Use cases for data science are male-dominated too
The topics that are widely promoted as use cases for data science, like crypto trading, are also very male-oriented. It’s a positive feedback cycle where, once certain topics are set in motion, they attract even more attention to the males promoting them, and then it increasingly seems like data science and AI are male-dominated spaces.
Casual sexism or unconscious bias
There is also the issue of casual sexism or unconscious bias that’s hard to erase because it cannot easily be ‘proven’. Other common microaggressions are automatically assuming the male peer or junior teammate is the female’s manager, paying attention to someone’s words only when a male says them, even after a female has already said the exact same thing.
Equal voice in determining how a data scientist is defined
To undergo a change, Wong feels that we need to examine the systems in place that lead to these issues in the first place.
A question that needs to be answered is if relevant players from different disciplines have an equal voice in determining how a data scientist is defined. We should also examine the forces at play in causing the ‘pipeline’ problem.
Peggy Orenstein’s ‘Flux’ points to research showing that females do a bit less well at math than males in high school in the US, but by the time they get to college, performance levels out, and a little more than 40 per cent of math majors in the US are female.
Wong adds, “Are females discouraged from becoming math majors in college just because of their high school performance?
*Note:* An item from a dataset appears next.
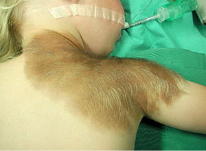 3. Pearson GD. Congenital Hairy Nevi: Overview, Clinical Presentation, Differential Diagnosis. Available at: < https://www.emedicine.medscape.com/article/1295033-overview >;. Accessed: 10 April 2018.
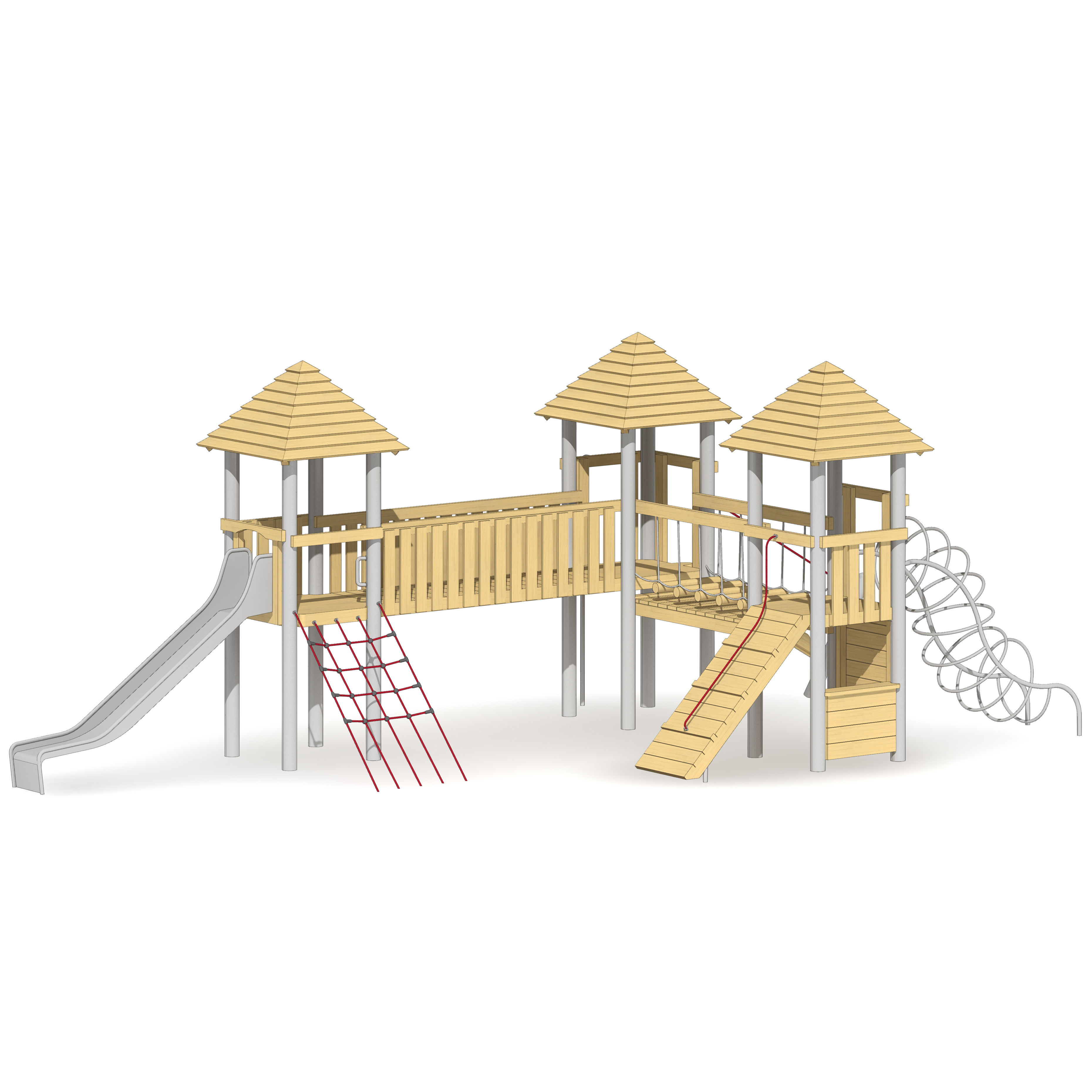 Balanciergeräte, balancieren, Brücke, Klettergeräte, klettern, Podeste, Balkon, Plattform, Rollenspiel, Rutsche, rutschen, Turm, Türme, Turngeräte, turnen, Versteck, verstecken

If that is the case, what can be done to retain their interest in college? Given that the percentage of females in math and statistics are still pretty high, even if not equal to males, the more pernicious problem I foresee for gender parity in data Science is, as I’ve mentioned, the increasing cornering of statistics and Math majors into jobs with the ‘Research’ title instead of according them more lucrative jobs like data scientist ones.”
Greater focus on AI ethics
The UN has very recently set goals to standardise AI ethics across all countries. There will probably be a greater emphasis on AI ethics, but probably also more complications as you try to impose standards that may not be compatible with the cultural mores of all countries.
Wong concludes, “I have also done my own analysis on data-related trends in earnings transcripts, etc., and speculate that all trends are cyclical. This emphasis on MLOps today will probably give way to something else in one or two years.”